A roundtable discussion with Congressional scholar and Distinguished University Professor Richard F. Fenno, Jr., will open a conference devoted to new perspectives on the study of race and political representation May 2 to 4 at the University of Rochester.

Sponsored by the Center for the Study of African-American Politics, the discussion of Fenno's latest book, Going Home: Black Representatives and Their Constituents, gathers experts on African-American politicians to delve into the book's detailed portraits and analyses. The discussion begins at 3 p.m. Friday, May 2, in the Great Hall of Rush Rhees Library on the University of Rochester's River Campus. The event is free and open to the pubic.

One of the nation's most respected scholars of Congress, Fenno is William J. Kenan Professor of Political Science at Rochester. He has written more than a dozen books about Congress and the American system of government.

Three panelists who have researched and lectured on topics central to power in the black community, its political representatives, and other aspects of African-American politicians will join him. David T. Canon, professor of political science at the University of Wisconsin at Madison, is the author of Race, Redistricting, and Representation (University of Chicago Press, 1999) and the winner of the Richard Fenno Award given annually for the best book on legislative politics by the American Political Science Association.

Known for her highly acclaimed book, Black Faces, Black Interests: The Representation of African Americans in Congress, Carol M. Swain is professor of law and of political science at Vanderbilt University. Black Faces, Black Interests (Harvard University Press, 1994) received the Woodrow Wilson prize for the best book of the year published in the United States on government, politics, or international affairs.

William E. Nelson, professor of political science and research professor of African-American and African Studies at Ohio State University, has focused his research and teaching on black politics and public policy, among other specialties. He is the author of Black Atlantic Politics: Dilemmas of Political Empowerment in Boston and Liverpool (State University of New York Press, 2000), which received the Best Book Award by the Race, Ethnicity, and Politics Section of the American Political Science Association. He has served as president of the National Conference of Black Political Scientists, president of the African Heritage Studies Association, and has held leadership roles in other national groups.

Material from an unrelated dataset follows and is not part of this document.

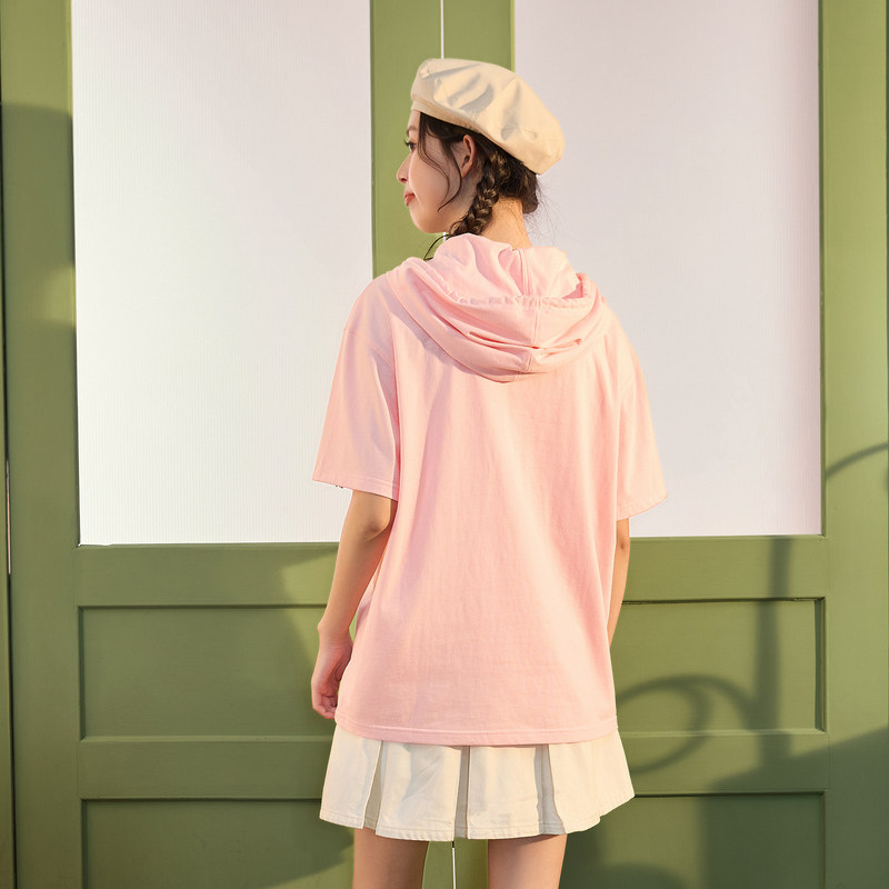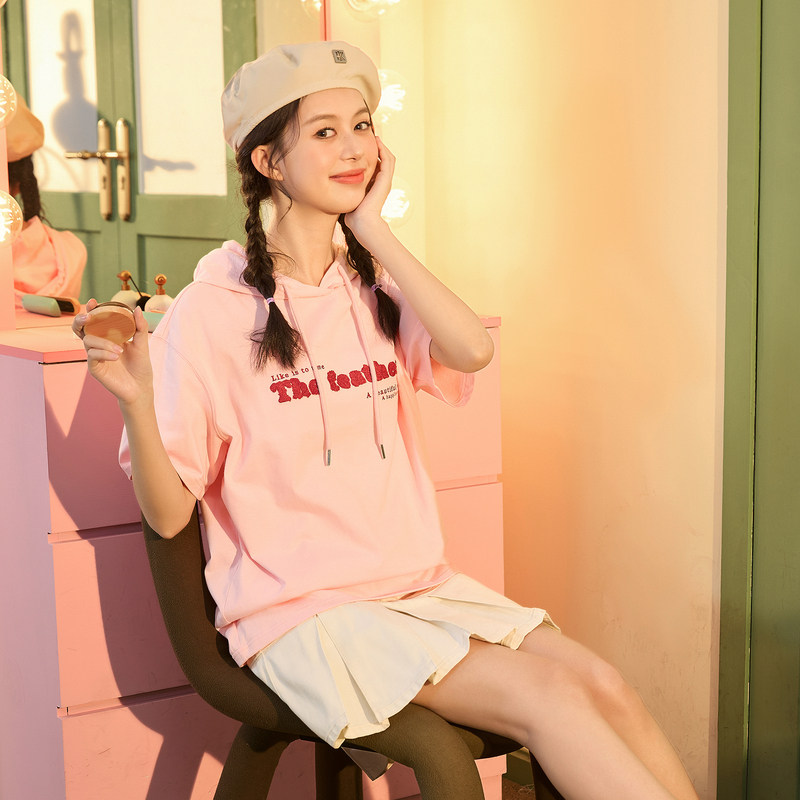 唐狮夏季新款女T恤粉色连帽宽松短袖卫衣百搭休闲纯棉上衣

Valeria Sinclair-Chapman, assistant professor of political science, will be moderator of the discussion. This spring's conference has been organized by Sinclair-Chapman and Fredrick C. Harris, associate professor of political science and director of the Center for the Study of African-American Politics at the University of Rochester.

The center takes an interdisciplinary approach to the study of African-American issues. It is one of a few university-affiliated centers for research in African-American politics and society in the United States. Within the College, the center is associated with the Department of Political Science and the Frederick Douglass Institute for African and African-American Studies.

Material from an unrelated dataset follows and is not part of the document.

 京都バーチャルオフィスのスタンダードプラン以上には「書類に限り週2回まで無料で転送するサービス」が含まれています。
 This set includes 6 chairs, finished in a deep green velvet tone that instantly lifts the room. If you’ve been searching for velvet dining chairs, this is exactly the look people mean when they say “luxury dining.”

After the opening session, the conference will move to Hutchison House on East Avenue on Saturday, May 3, and Sunday, May 4, for presentations of academic papers by political scientists from around the country. Presenters will include William Bianco, associate professor of political science, Pennsylvania State University; Suzanne Dovi, assistant professor of political science, University of Arizona; Christian Grose, assistant professor of political science, Lawrence University; Kerry Haynie, associate professor of political science and interim director of the Walt Whitman Center for the Culture and Politics of Democracy, Rutgers University; Vincent Hutchings, associate professor of political science, University of Michigan.

Other presentations will be made by Mingus Mapps, doctoral student at Cornell University and fellow of the Taubman Center, Kennedy School of Government, Harvard University; Keesha Middlemass, assistant professor of political science, University of Kansas; Valeria Sinclair-Chapman, assistant professor of political science, University of Rochester; Wendy Smooth, assistant professor of political science, University of Nebraska; Katherine Tate, professor and chair, Department of Politics and Society, University of California at Irvine; and Carl Walton, assistant professor of political science, Morris Brown College.

Fenno's Going Home (University of Chicago Press, 2003) examines the careers of four black representatives-Louis Stokes, Barbara Jordan, Chaka Fattah, and Stephanie Tubbs Jones-from their home districts to the U.S. Capitol. He finds that while these politicians had different visions of how they should represent their districts, they shared crucial organizational and symbolic connections to the people they represented.